Sample balanced arm sessions

You don't need dedicated "arm days." The most efficient approach for how to grow your arms is to attach direct work to your existing pull and push training.

Option A — folded into upper-body days (2x/week):

  • Upper Day 1: 3 sets dumbbell curls + 3 sets overhead triceps extension

  • Upper Day 2: 3 sets EZ-bar curls + 3 sets close-grip press or dips

Option B — one focused arm session (1x/week) plus indirect work:

  • 3 sets incline dumbbell curl (stretches the long head of the biceps)

  • 3 sets hammer curl (hits the brachialis and forearms)

  • 4 sets triceps pushdown

  • 3 sets overhead extension (emphasizes the long head of the triceps)

Across a week, both options land you near 10 to 16 direct sets per muscle, plus the biceps work baked into your rows and the triceps work baked into your presses. That's an arm workout for mass without a single wasted set.

Common mistakes that stall arm growth

  • Ego-curling. Going heavier than you can control turns a biceps exercise into a back-and-hip swing. Pick a weight you can lift with a still torso.

  • Half reps. Cutting the range short skips the stretched position, where a lot of growth stimulus lives. Lower under control and fully straighten (without locking out aggressively).

  • Neglecting triceps. The single most common reason arms stall. Fix the curl-to-press ratio first.

  • No week-to-week progression. Doing "3 sets of curls" forever with the same dumbbells is maintenance, not growth.

  • Skipping the brachialis and forearms. Hammer curls and reverse curls add width and thickness that pure supinated curls miss.

How to track progress and keep getting bigger arms

Bigger arms come from beating your previous numbers, which means you have to know your previous numbers. Memory isn't reliable here — the difference between 12.5 kg for 10 reps and 12.5 kg for 11 is invisible unless it's written down.

Track three things every arm session:

  1. Load (the weight on the curl or press)

  2. Reps completed per set

  3. Proximity to failure (how many reps you had left)

Each session, try to add a rep or a little weight to at least one movement while keeping form strict. Over months, those small wins stack into noticeably bigger arms.

This is where a training app earns its keep. Styrki logs every set, surfaces your personal bests so you always know the number to beat, and adapts your plan as you recover and get stronger — so progression happens on purpose instead of by accident. Its exercise library includes video demos for every curl and extension variation, so you can dial in technique alongside your numbers.

Start building bigger arms today

Bigger arms aren't a mystery — they're balanced volume across both biceps heads and all three triceps heads, taken close to failure, with the load creeping up week after week. Nail the ratio, log your lifts, and let progressive overload do its job.

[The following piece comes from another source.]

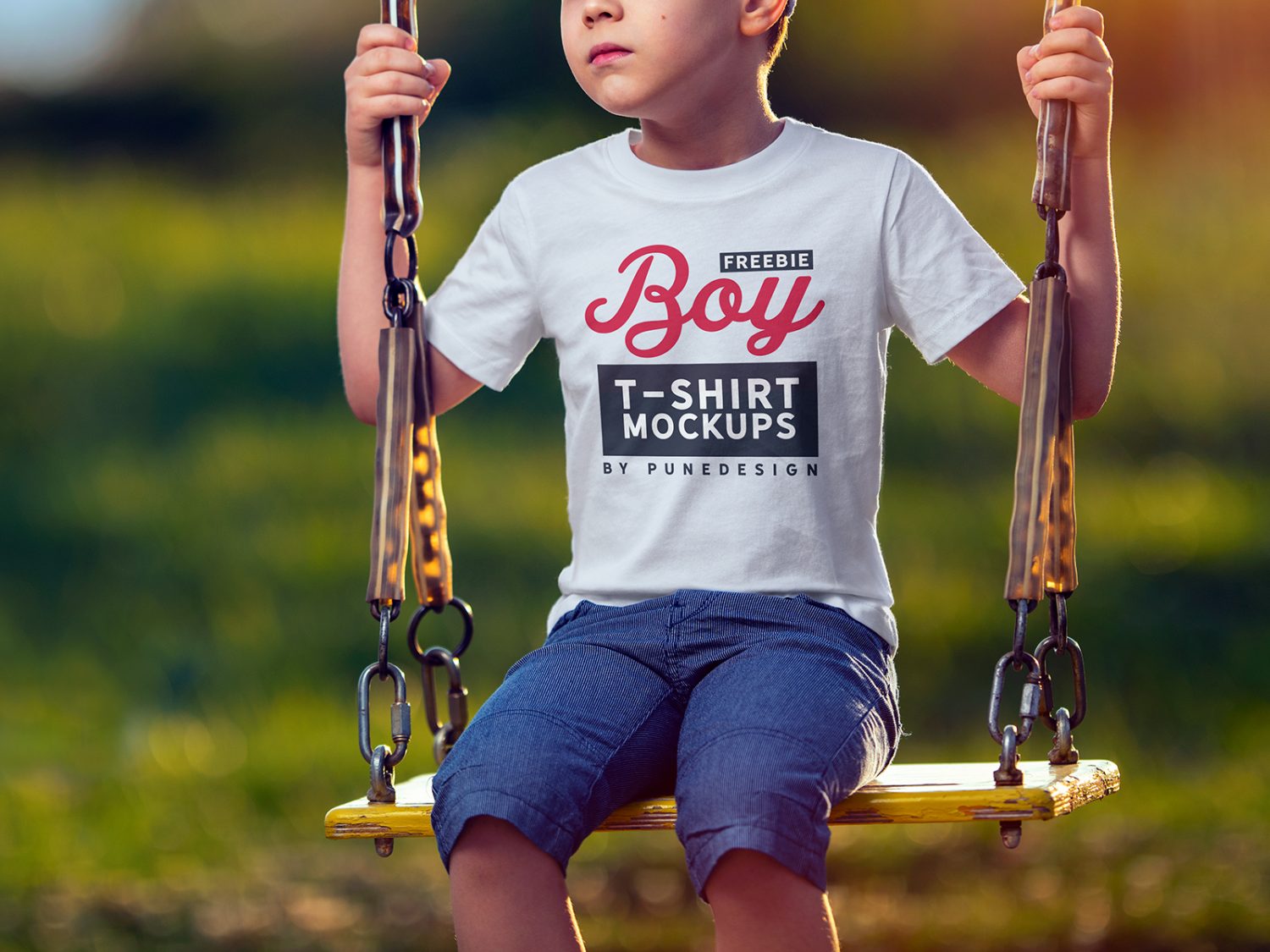 Free Boy T-Shirt Mockup to showcase your fashion design in a photorealistic style. Simple edit with smart layers. Free for personal and commercial use. Have fun!

Start free with Styrki to track your curls and presses, follow guided arm workouts with video demos, and watch your numbers — and your arms — grow.

Frequently asked questions

How long does it take to get bigger arms? Most beginners see a measurable difference in 8 to 12 weeks of consistent, progressive training, with noticeable size changes around the 3 to 6 month mark. Judge progress by your tape measure and your logged numbers, not by the mirror on any given day.

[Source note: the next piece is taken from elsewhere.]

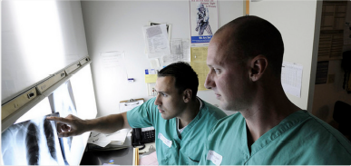 An x-ray is an imaging technique that uses small amounts of ionizing radiation to produce images of the bones and tissues of the body onto a film. The image is created due to the X-ray beam being absorbed differently by different structures or parts in the body. A dense structure like bone absorbs a high percentage of the X-ray beam – which appears light grey on the image. Low density structures like soft tissues absorb a small percentage – which appears dark grey on the image (O’Sullivan and Goergen, 2009). X-rays pass through body tissues onto specially treated plates (similar to camera film) and a “negative” type picture is made (the more solid a structure is, the whiter it appears on the film). X-rays are often created digitally now for analysis on computers rather than x-ray film. X-rays are one of the oldest and most frequently used forms of medical imaging in modern medicine. The chest x-ray is usually an image viewed from the back to the front of the body and sometimes from the side.

Should I train biceps and triceps the same amount? Treat them as at least equal, and lean toward more triceps work for size. The triceps are roughly two-thirds of your upper-arm mass. For every set of curls, do at least one set of pressing or extension work.

How many days a week should I train arms? Two to three sessions with direct arm work suits most lifters. You don't need dedicated arm days — pulling already trains biceps and pressing already trains triceps. Add 4 to 8 direct sets per muscle across the week.

Why aren't my arms growing even though I curl a lot? Usually neglected triceps, no week-to-week progression, or sloppy half reps. Fix the curl-to-press ratio, add weight or reps over time, and use a full, controlled range of motion.

Do I need heavy weights or high reps for bigger arms? Both work if you take sets close to failure. Muscle grows across roughly 6 to 20 reps; for arms, 8 to 15 reps lets you load hard while keeping strict form.